Excerpted records:
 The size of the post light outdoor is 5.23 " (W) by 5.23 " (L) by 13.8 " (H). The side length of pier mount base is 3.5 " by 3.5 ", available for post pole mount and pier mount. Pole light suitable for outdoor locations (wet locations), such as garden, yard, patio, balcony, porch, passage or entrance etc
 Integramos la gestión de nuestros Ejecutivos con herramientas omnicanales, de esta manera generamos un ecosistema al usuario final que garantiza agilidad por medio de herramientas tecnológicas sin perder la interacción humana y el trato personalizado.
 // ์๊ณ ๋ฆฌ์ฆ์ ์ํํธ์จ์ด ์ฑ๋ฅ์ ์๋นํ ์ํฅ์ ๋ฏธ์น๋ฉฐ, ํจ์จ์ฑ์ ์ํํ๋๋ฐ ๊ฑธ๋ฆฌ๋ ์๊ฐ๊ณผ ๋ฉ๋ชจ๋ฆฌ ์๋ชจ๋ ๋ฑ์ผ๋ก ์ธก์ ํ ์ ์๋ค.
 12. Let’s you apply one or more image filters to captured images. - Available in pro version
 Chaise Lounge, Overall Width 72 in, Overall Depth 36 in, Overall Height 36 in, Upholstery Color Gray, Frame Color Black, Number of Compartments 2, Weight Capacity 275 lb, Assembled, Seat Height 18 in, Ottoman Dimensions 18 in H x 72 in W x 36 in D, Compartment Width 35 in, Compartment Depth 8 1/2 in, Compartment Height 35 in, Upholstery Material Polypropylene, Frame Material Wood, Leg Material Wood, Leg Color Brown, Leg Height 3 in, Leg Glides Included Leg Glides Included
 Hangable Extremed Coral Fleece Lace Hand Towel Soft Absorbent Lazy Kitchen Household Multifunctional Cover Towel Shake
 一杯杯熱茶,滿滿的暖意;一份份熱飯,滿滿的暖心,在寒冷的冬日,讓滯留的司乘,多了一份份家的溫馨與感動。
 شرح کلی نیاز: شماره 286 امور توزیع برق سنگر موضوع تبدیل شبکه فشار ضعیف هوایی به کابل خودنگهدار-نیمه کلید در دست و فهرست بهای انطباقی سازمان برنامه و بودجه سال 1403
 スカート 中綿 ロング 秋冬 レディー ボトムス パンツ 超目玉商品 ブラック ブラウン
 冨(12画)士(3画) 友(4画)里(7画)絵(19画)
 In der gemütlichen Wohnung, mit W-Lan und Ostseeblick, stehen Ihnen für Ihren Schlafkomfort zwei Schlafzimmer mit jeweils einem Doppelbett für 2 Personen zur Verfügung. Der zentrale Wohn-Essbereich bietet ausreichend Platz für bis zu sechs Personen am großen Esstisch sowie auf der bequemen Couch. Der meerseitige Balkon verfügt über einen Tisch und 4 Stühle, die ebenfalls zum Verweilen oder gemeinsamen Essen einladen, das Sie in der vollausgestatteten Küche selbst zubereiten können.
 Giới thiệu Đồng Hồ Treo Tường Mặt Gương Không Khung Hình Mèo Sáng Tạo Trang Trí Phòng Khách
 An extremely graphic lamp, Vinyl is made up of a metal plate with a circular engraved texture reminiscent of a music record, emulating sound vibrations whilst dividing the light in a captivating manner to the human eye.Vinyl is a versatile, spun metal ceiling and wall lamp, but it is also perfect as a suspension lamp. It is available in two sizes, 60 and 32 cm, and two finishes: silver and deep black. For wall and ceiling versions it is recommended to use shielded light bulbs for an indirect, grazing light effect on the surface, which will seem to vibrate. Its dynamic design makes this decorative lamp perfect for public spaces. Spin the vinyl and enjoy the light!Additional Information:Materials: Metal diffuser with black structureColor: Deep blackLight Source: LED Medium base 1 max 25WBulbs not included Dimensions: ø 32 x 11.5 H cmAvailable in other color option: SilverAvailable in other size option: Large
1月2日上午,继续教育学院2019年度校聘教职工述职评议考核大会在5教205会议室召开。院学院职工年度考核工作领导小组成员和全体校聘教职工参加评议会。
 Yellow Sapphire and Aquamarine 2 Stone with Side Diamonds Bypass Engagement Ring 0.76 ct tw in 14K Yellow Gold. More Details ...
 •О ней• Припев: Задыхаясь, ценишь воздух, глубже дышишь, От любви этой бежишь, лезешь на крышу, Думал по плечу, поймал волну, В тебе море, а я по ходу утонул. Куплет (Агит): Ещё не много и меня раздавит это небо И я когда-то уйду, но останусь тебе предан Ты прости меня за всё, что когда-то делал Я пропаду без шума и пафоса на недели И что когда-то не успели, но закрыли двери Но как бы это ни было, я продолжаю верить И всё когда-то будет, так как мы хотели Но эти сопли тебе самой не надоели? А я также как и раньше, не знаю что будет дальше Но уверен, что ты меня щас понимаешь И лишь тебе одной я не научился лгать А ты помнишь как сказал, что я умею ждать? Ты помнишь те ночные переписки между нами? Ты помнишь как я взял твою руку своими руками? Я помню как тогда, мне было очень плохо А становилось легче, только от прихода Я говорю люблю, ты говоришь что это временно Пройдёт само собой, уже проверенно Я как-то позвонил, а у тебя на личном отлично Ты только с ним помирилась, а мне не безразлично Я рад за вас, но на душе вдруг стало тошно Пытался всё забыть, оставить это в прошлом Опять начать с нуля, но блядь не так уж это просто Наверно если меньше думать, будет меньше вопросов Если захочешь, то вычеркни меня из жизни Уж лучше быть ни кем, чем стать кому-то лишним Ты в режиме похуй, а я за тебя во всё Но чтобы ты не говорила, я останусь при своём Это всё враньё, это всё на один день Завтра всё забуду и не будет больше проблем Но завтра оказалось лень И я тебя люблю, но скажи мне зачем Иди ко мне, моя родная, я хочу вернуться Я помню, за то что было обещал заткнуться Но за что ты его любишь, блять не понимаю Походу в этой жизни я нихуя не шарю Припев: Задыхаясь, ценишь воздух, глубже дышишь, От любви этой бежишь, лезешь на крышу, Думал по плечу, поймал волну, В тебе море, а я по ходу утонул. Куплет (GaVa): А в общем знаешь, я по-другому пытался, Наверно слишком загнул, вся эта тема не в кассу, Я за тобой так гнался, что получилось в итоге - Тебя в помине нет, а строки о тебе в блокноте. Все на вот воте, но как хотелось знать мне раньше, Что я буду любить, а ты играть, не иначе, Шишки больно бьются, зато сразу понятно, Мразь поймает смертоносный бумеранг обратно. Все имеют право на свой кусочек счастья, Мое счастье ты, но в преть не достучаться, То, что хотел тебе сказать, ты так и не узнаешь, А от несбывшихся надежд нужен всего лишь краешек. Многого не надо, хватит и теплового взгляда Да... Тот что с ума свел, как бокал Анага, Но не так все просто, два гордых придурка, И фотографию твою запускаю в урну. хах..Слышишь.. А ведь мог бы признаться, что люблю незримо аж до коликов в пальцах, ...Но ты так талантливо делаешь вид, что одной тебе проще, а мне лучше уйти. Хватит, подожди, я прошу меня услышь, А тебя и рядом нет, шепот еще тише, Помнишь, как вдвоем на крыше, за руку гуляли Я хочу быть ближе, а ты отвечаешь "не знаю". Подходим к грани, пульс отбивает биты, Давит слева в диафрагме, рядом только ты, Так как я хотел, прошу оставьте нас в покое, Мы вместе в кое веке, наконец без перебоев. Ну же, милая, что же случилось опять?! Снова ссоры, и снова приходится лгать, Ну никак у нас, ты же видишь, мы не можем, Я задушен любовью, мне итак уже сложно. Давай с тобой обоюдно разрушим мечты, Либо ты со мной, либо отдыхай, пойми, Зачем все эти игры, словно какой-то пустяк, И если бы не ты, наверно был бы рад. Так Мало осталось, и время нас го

Problem:
The answer is the lines above between the line holding "Integramos la gestión" and the line holding "冨(12画)士(3画) 友(4画)里(7画)絵(19画)", inclusive, each written out exactly, and no others.

Expected output:
 Integramos la gestión de nuestros Ejecutivos con herramientas omnicanales, de esta manera generamos un ecosistema al usuario final que garantiza agilidad por medio de herramientas tecnológicas sin perder la interacción humana y el trato personalizado.
 // ์๊ณ ๋ฆฌ์ฆ์ ์ํํธ์จ์ด ์ฑ๋ฅ์ ์๋นํ ์ํฅ์ ๋ฏธ์น๋ฉฐ, ํจ์จ์ฑ์ ์ํํ๋๋ฐ ๊ฑธ๋ฆฌ๋ ์๊ฐ๊ณผ ๋ฉ๋ชจ๋ฆฌ ์๋ชจ๋ ๋ฑ์ผ๋ก ์ธก์ ํ ์ ์๋ค.
 12. Let’s you apply one or more image filters to captured images. - Available in pro version
 Chaise Lounge, Overall Width 72 in, Overall Depth 36 in, Overall Height 36 in, Upholstery Color Gray, Frame Color Black, Number of Compartments 2, Weight Capacity 275 lb, Assembled, Seat Height 18 in, Ottoman Dimensions 18 in H x 72 in W x 36 in D, Compartment Width 35 in, Compartment Depth 8 1/2 in, Compartment Height 35 in, Upholstery Material Polypropylene, Frame Material Wood, Leg Material Wood, Leg Color Brown, Leg Height 3 in, Leg Glides Included Leg Glides Included
 Hangable Extremed Coral Fleece Lace Hand Towel Soft Absorbent Lazy Kitchen Household Multifunctional Cover Towel Shake
 一杯杯熱茶,滿滿的暖意;一份份熱飯,滿滿的暖心,在寒冷的冬日,讓滯留的司乘,多了一份份家的溫馨與感動。
 شرح کلی نیاز: شماره 286 امور توزیع برق سنگر موضوع تبدیل شبکه فشار ضعیف هوایی به کابل خودنگهدار-نیمه کلید در دست و فهرست بهای انطباقی سازمان برنامه و بودجه سال 1403
 スカート 中綿 ロング 秋冬 レディー ボトムス パンツ 超目玉商品 ブラック ブラウン
 冨(12画)士(3画) 友(4画)里(7画)絵(19画)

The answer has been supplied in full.